## WHAT THE EXERCISE ASKS
Nothing but the lines below from the one containing "HPE Mellanox CX653436A" through the one containing "Važiuoja autobusu jūreivis,už" should appear in the answer, exact and without pictures.

## DATA SUPPLIED
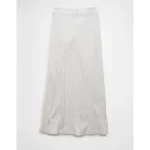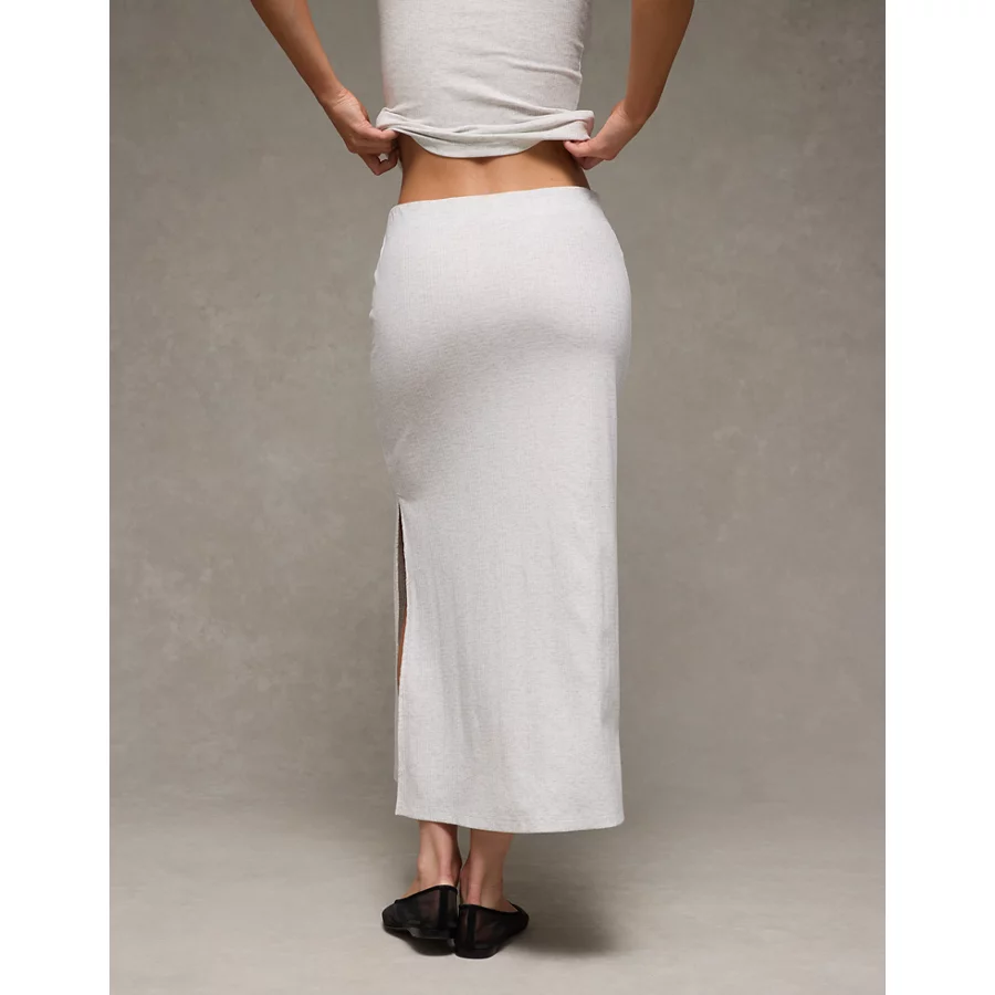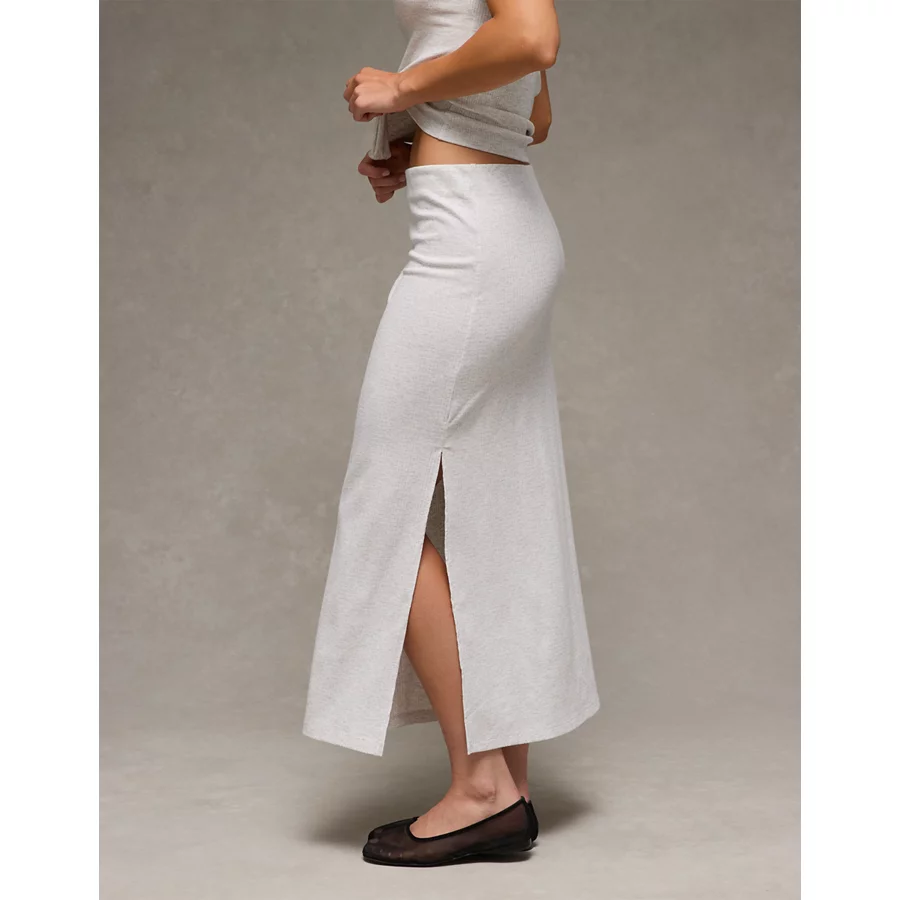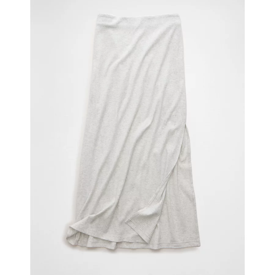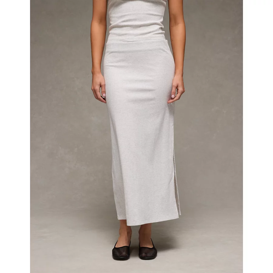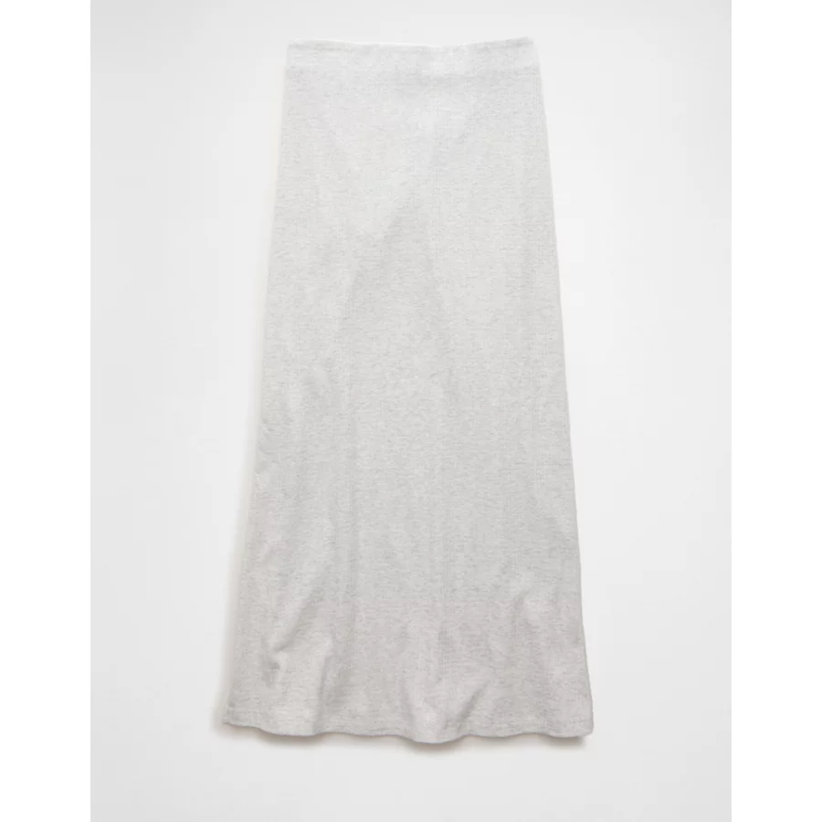 AE High-Waisted Ribbed Knit Maxi Skirt – Light Heather Gray
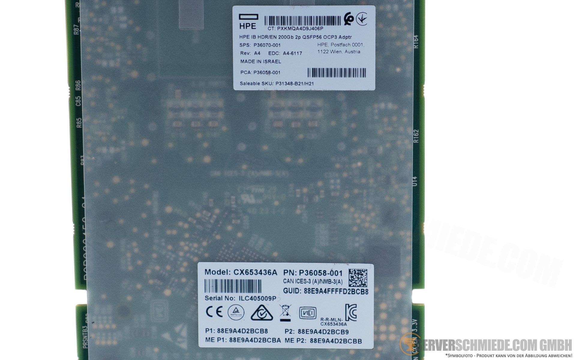 HPE Mellanox CX653436A 2x 200Gb QSFP56 LAN Network Controller OCP 3.0 ConnectX-6 MCX653436A-HDAI P31348-B21
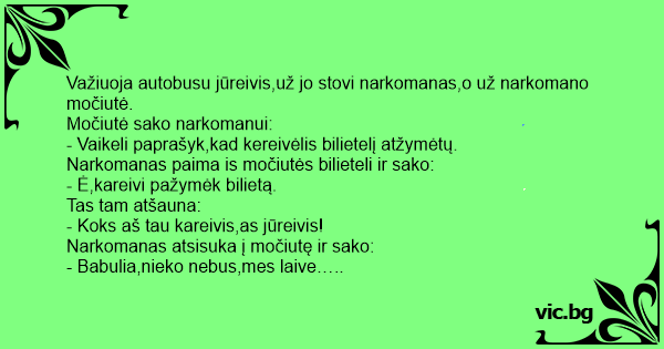 Važiuoja autobusu jūreivis,už jo stovi narkomanas,o už narkomano močiutė.
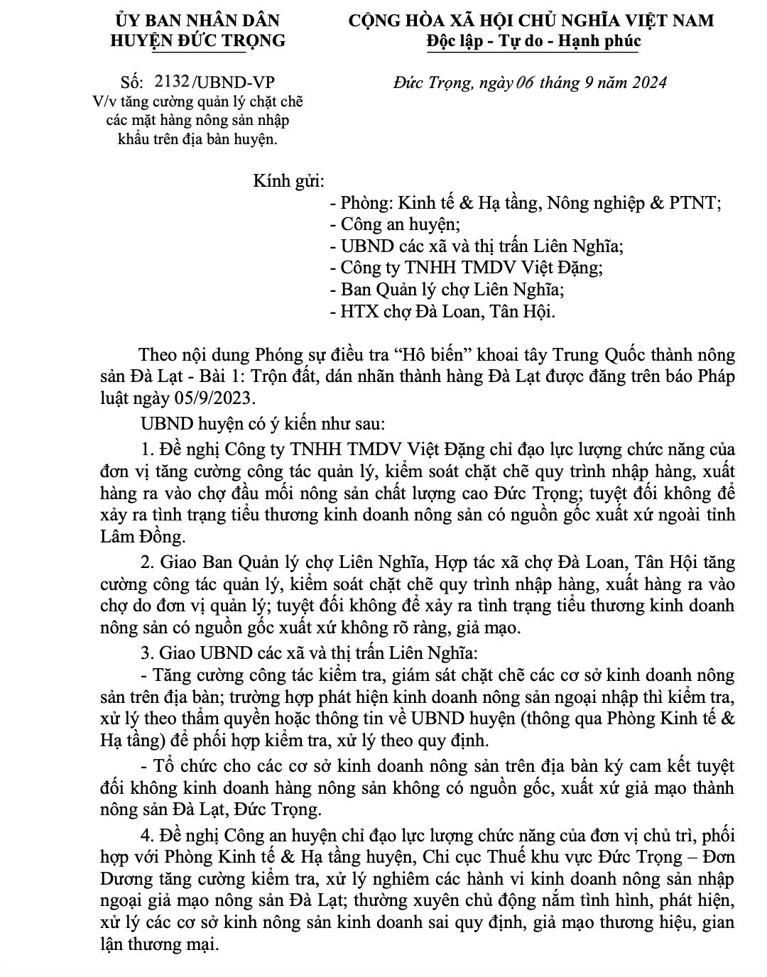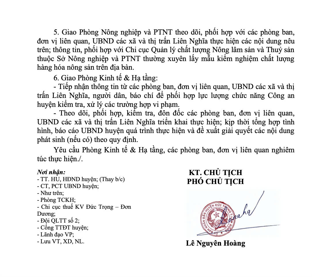 Bên cạnh đó, UBND huyện cũng giao UBND các xã và thị trấn Liên Nghĩa tăng cường công tác kiểm tra, giám sát chặt chẽ các cơ sở kinh doanh nông sản trên địa bàn. Trường hợp phát hiện kinh doanh nông sản ngoại nhập thì kiểm tra, xử lý theo thẩm quyền hoặc thông tin về UBND huyện để phối hợp kiểm tra, xử lý.
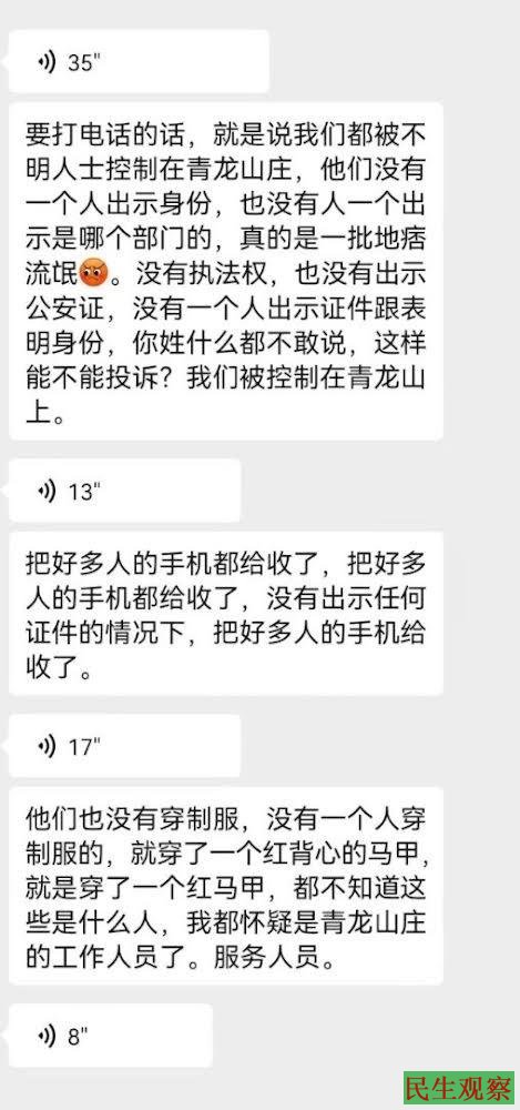 他们在没有出示任何证件的情况下,把好多人的手机都给收了。他们也没有穿制服,没有一个人穿制服的,就穿了一个红背心的马甲。都不知道这些是什么人,我都怀疑是青龙山庄的工作人员了。
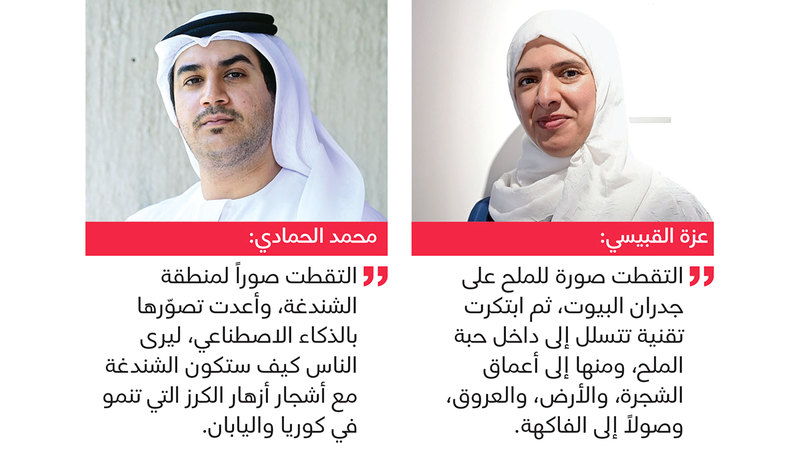 شاركت الفنانة الإماراتية عزة القبيسي في المعرض من خلال عملها «بين الشندغة»، وهو العمل الأول الذي تقدمه بتقنيات الذكاء الاصطناعي، إذ قدمت فيلماً قصيراً من خلال الصور التي التقطتها في الشندغة. وأعادت القبيسي تخيل الانتقالات بين الظل والشجرة، وتحدثت لـ«الإمارات اليوم» عن عملها، قائلة: «كانت تجربة العمل بالذكاء الاصطناعي رائعة، ومنحتني الثقة لتجريب ما أحب، فقد شاركت بدورة تدريبية مع الفنان أحمد العطار، سلّط الضوء من خلالها على فكرة تصوير الشندغة بمساحة محددة، ما جعلنا نرى الشندغة بعيون مختلفة، بعيداً عن المألوف». وأضافت: «التقطت الكثير من الصور للشندغة، واخترت من بينها سبع صور، ربطت بينها من خلال تقنية (الانيميشين)، وكانت تجربة تحمل الكثير من التحديات، ولكنها منحتني الكثير من الأفق في العمل الفني، ولم أتصور أنني سأتمكن من تقديم هذا العمل من خلال دورة بسيطة». ولفتت القبيسي إلى أنها التقطت صورة للملح على جدران البيوت، ثم ابتكرت تقنية وكأنها تدخل حبة الملح، ومن خلالها، إلى أعماق الشجرة، والأرض، والعروق، وصولاً إلى الفاكهة. ونوهت بأنها أرادت إبراز الجزء الخفي وغير الملموس من الثقافة، لاسيما الحياة التي عاشها الناس من قبل. ولفتت القبيسي إلى أن الذكاء الاصطناعي يعمل وفق رؤية الفنان، معتبرة أنها من خلال عملها على أعمال معاصرة، تمكنت من الحصول على إحساس بصري لا يمكن رؤيته إلا في الخيال من خلال الذكاء الاصطناعي، وهذا يجعل الناس ترى أسلوب تفكيرها.

## WRITTEN REPLY
 HPE Mellanox CX653436A 2x 200Gb QSFP56 LAN Network Controller OCP 3.0 ConnectX-6 MCX653436A-HDAI P31348-B21
 Važiuoja autobusu jūreivis,už jo stovi narkomanas,o už narkomano močiutė.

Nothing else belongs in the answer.